DATA UNDER STUDY:
==========

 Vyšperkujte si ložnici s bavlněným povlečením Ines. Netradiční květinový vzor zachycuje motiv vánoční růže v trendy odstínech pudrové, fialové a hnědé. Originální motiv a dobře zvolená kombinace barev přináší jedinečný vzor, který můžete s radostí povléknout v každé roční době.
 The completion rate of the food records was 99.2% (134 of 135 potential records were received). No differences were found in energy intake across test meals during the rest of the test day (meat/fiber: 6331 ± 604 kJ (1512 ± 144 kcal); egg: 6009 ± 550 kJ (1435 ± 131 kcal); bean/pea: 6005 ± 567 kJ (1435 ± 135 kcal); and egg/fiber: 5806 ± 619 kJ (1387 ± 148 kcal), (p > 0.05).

==========

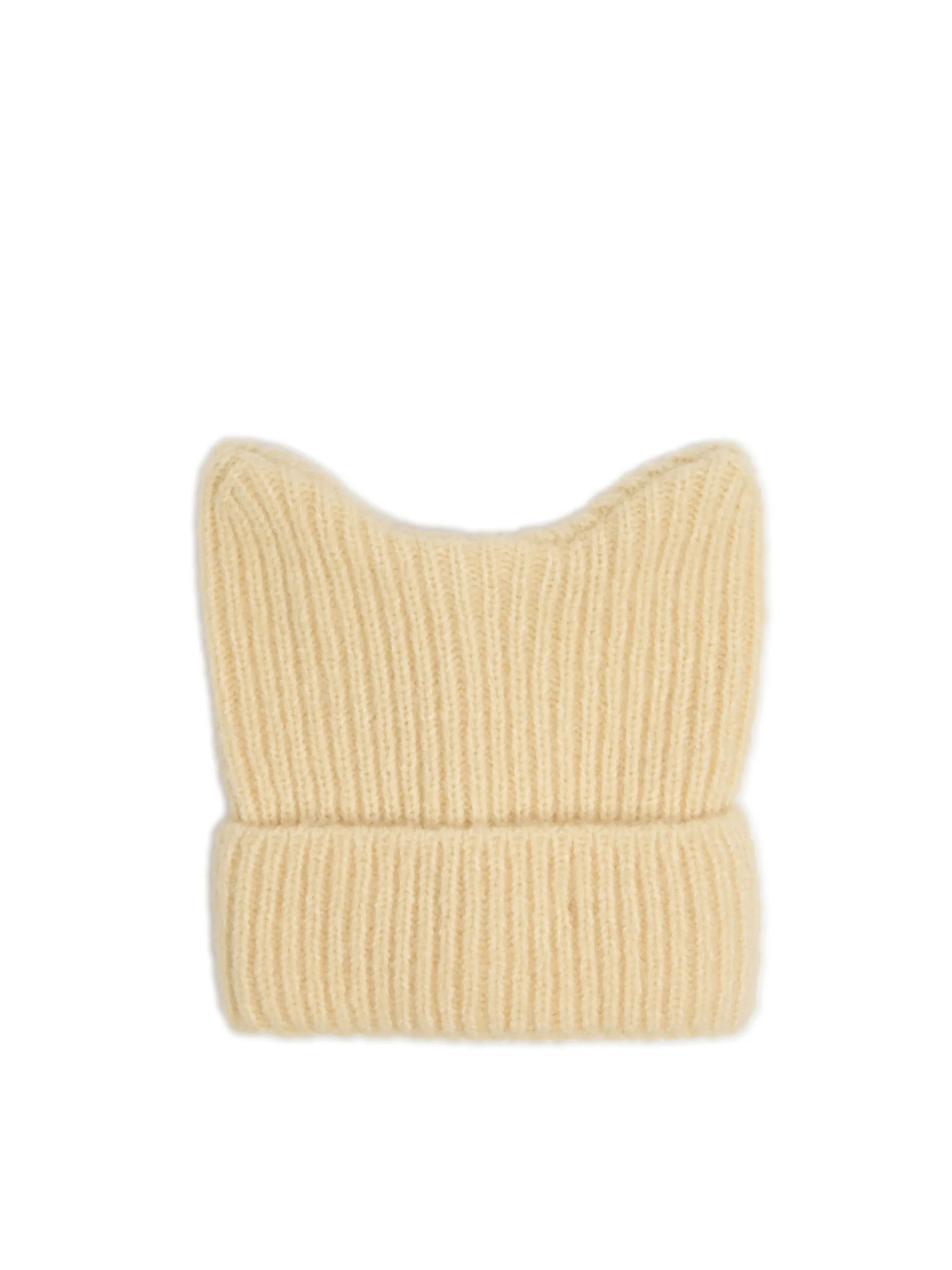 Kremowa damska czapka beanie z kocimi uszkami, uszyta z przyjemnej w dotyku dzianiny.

==========

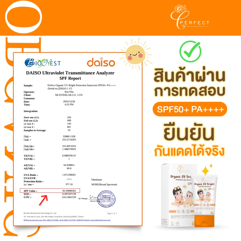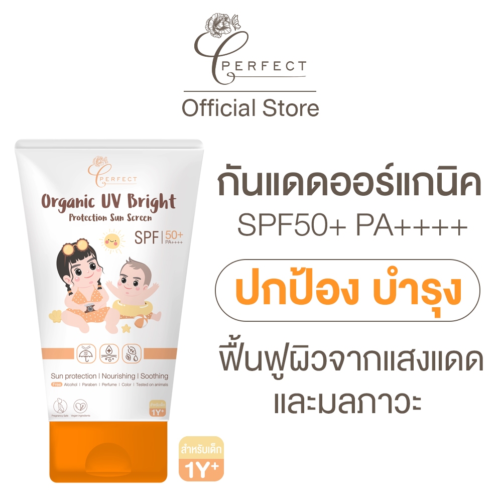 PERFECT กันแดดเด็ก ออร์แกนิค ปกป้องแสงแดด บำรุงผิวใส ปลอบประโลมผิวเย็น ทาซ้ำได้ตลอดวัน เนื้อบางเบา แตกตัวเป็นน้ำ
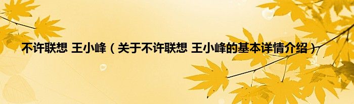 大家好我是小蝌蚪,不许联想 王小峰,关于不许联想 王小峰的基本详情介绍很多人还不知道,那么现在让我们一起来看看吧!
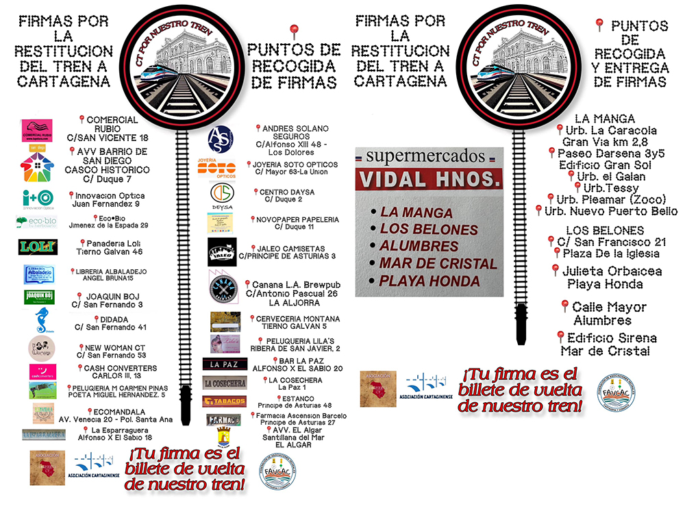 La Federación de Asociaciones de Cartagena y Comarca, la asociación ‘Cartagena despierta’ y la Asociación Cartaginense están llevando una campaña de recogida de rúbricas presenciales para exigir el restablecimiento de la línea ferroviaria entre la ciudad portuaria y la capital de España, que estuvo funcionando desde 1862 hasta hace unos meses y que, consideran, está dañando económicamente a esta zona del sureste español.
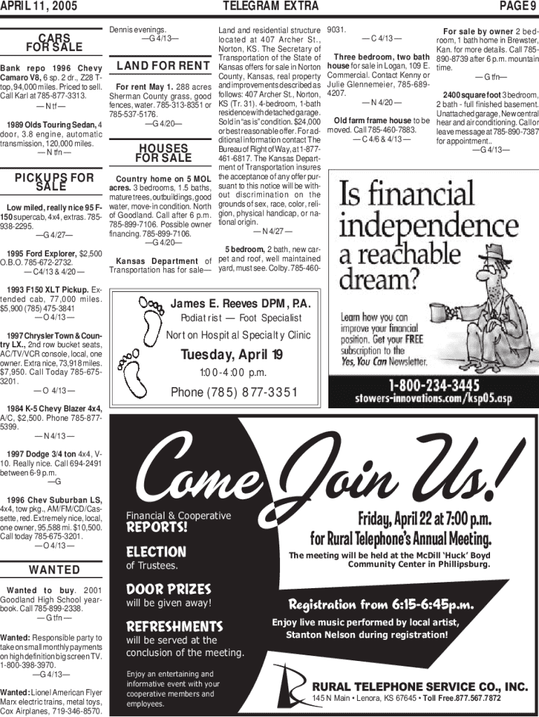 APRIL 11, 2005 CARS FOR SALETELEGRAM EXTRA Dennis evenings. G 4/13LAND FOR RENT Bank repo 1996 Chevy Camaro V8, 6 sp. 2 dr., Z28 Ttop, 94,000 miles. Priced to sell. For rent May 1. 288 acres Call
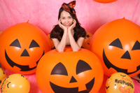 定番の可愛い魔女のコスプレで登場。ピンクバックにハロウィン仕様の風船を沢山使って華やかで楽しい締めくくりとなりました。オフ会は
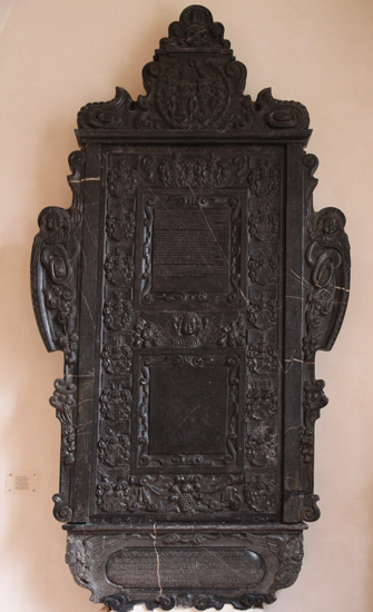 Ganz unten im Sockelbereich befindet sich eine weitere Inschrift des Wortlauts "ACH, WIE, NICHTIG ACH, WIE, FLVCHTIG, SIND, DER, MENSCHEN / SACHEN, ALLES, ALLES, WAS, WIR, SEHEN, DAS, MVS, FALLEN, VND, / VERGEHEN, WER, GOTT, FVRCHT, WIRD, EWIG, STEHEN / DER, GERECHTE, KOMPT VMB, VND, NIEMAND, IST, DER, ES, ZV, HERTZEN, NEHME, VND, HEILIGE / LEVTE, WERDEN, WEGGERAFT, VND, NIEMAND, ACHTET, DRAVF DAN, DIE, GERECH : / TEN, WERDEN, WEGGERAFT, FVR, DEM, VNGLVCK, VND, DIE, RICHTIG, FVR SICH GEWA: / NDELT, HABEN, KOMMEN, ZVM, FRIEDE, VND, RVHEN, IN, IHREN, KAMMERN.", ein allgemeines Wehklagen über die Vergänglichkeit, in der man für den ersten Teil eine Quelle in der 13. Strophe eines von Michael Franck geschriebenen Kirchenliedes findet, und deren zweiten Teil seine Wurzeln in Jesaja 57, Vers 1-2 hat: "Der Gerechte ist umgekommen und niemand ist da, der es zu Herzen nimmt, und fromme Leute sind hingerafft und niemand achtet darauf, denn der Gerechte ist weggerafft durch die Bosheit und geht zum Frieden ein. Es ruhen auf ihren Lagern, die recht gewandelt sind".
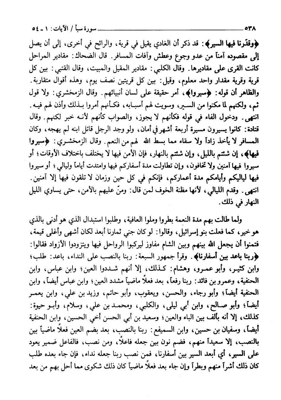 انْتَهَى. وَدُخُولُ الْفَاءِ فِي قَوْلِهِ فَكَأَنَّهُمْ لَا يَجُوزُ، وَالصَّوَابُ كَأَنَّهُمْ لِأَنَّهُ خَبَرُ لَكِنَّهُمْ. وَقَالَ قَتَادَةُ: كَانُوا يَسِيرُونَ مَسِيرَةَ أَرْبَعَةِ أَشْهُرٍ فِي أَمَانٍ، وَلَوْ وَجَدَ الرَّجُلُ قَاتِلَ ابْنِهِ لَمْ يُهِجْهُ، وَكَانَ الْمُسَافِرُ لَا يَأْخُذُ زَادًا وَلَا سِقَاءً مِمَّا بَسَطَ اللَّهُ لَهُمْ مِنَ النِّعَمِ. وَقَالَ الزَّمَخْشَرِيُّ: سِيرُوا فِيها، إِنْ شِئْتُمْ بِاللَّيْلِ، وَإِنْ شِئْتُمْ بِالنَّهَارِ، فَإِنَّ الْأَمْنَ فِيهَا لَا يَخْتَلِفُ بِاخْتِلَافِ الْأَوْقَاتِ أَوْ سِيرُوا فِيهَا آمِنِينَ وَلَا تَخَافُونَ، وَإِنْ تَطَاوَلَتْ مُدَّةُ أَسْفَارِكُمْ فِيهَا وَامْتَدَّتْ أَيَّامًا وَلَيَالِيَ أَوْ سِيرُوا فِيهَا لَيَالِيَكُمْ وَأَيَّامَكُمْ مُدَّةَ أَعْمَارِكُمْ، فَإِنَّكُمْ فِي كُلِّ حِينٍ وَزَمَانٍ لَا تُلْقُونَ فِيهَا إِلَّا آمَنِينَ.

==========

THE PROBLEM:
In the listing above, find the line with "APRIL 11, 2005" and the line with "定番の可愛い魔女のコスプレで". Copy exactly those two and every line between, without the pictures.

SOLUTION FOR THIS EXERCISE:
 APRIL 11, 2005 CARS FOR SALETELEGRAM EXTRA Dennis evenings. G 4/13LAND FOR RENT Bank repo 1996 Chevy Camaro V8, 6 sp. 2 dr., Z28 Ttop, 94,000 miles. Priced to sell. For rent May 1. 288 acres Call
 定番の可愛い魔女のコスプレで登場。ピンクバックにハロウィン仕様の風船を沢山使って華やかで楽しい締めくくりとなりました。オフ会は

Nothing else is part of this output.